(Stored data)
+ + + +

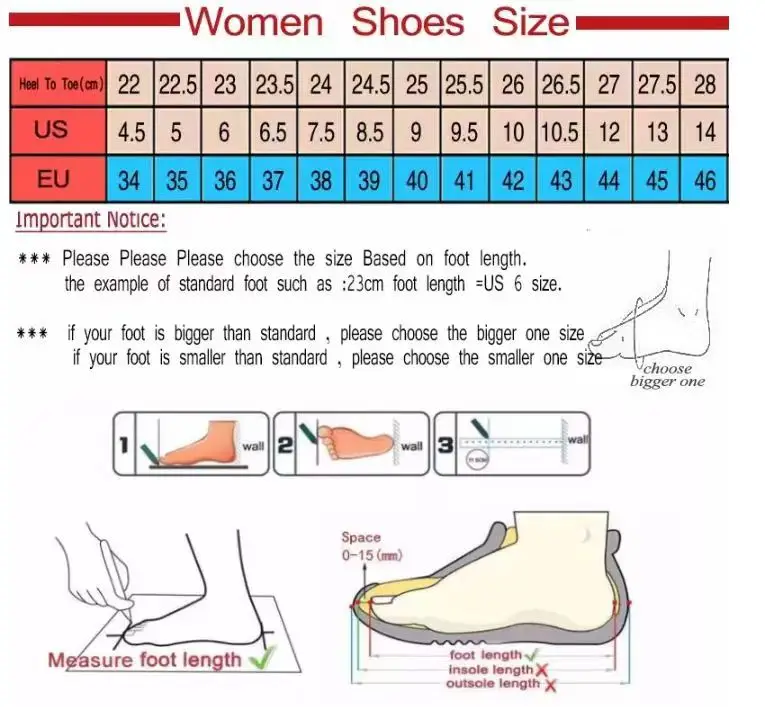 1.Please choose the appropriate size based on your foot length (from heel to toe ).The size number marked in shoe outsole is China size number, not European size. If you have any questions or concerns! please contact customer service for assistance.
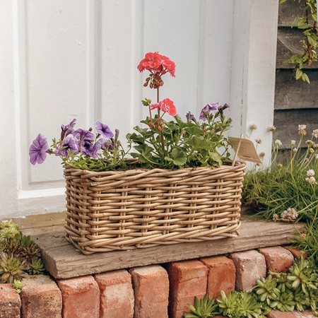 Small Grey Willow Window Box Planter with a selection of Bedding Plants & Foliage.
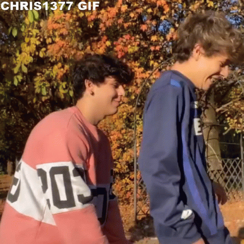 Lele Giaccari and Tancredi share a laugh while sitting together outdoors amidst autumn foliage.
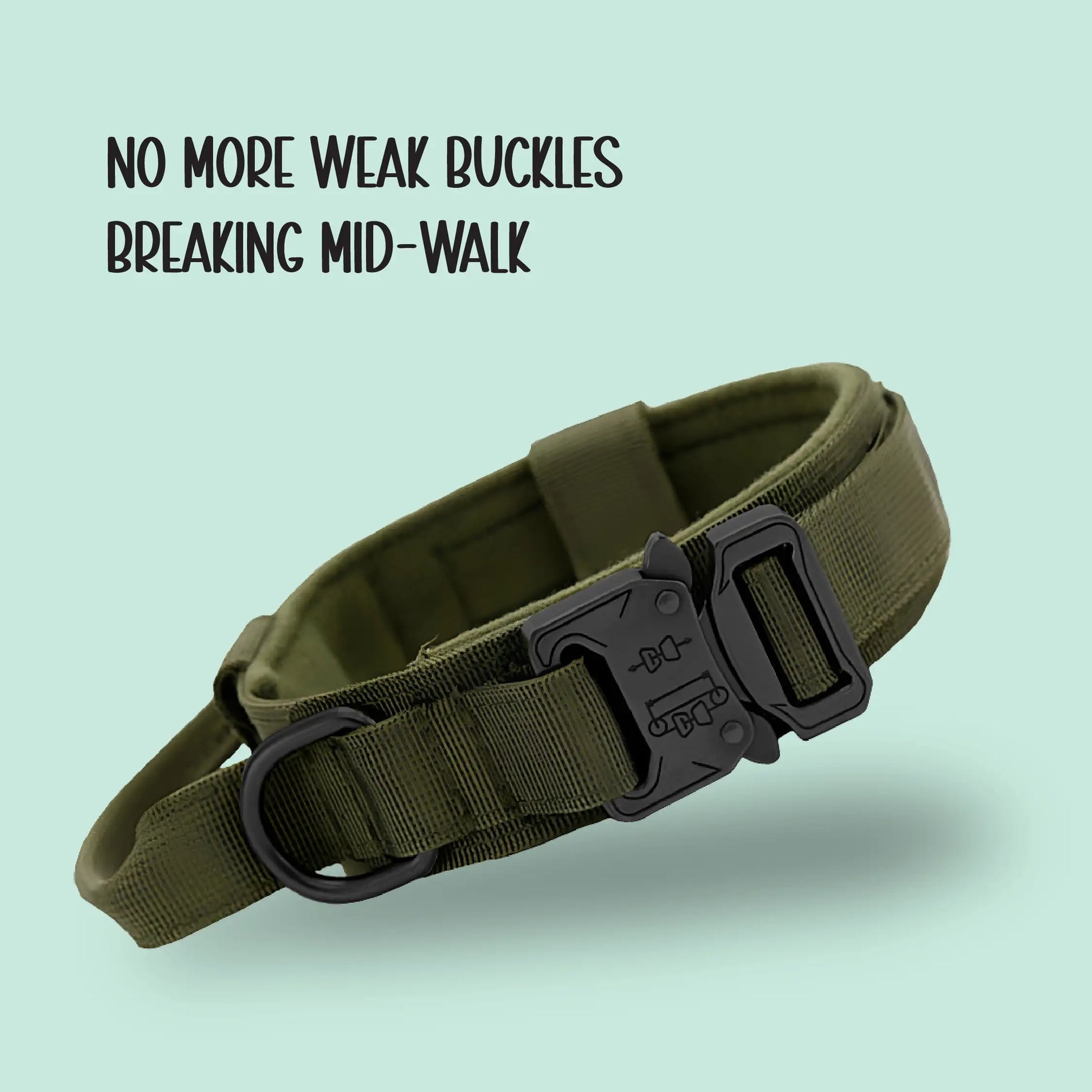 TitanK9 Tactical Collar combines strength, comfort, and control for everyday walks and outdoor adventures. Featuring a soft padded lining, durable metal D-ring, quick-release buckle, and built-in handle, it ensures a secure fit and reliable performance, even for the most powerful dogs.
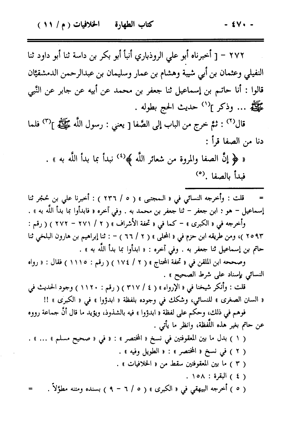 272- [أخبرناه أبو علي الروذباري أنبأ أبو بكر بن داسة ثنا أبو دود ثنا النفيلي وعثمان بن أبي شيبة وهشام بن عمار وسليمان بن عبد الرحمن الدمشقيان قالوا: أنا حاتم بن إسماعيل ثنا جعفر بن محمد عن أبيه عن جابر عن النبي صلى الله عليه وسلم .. .. وذكر] حديث الحج بطوله.
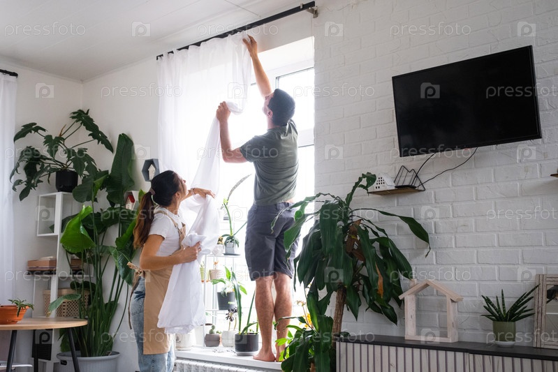 Веселая пара, работающая в команде, вешает новые шторы в солнечной квартире, весенний ремонт дома, домашнее счастье, взаимная поддержка
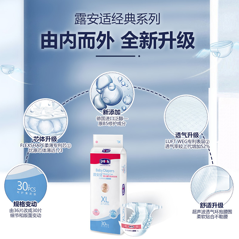 Lelch Lu Anshi baby diaper baby diaper XL size soft thin breathable close-fitting XL30 pieces daily use

+ + + +

TASK DIRECTIONS »
Word for word, restate the lines above from the first through the one that contains "Lele Giaccari and", and exclude all pictures.

SOLUTION TO THIS TASK »
 1.Please choose the appropriate size based on your foot length (from heel to toe ).The size number marked in shoe outsole is China size number, not European size. If you have any questions or concerns! please contact customer service for assistance.
 Small Grey Willow Window Box Planter with a selection of Bedding Plants & Foliage.
 Lele Giaccari and Tancredi share a laugh while sitting together outdoors amidst autumn foliage.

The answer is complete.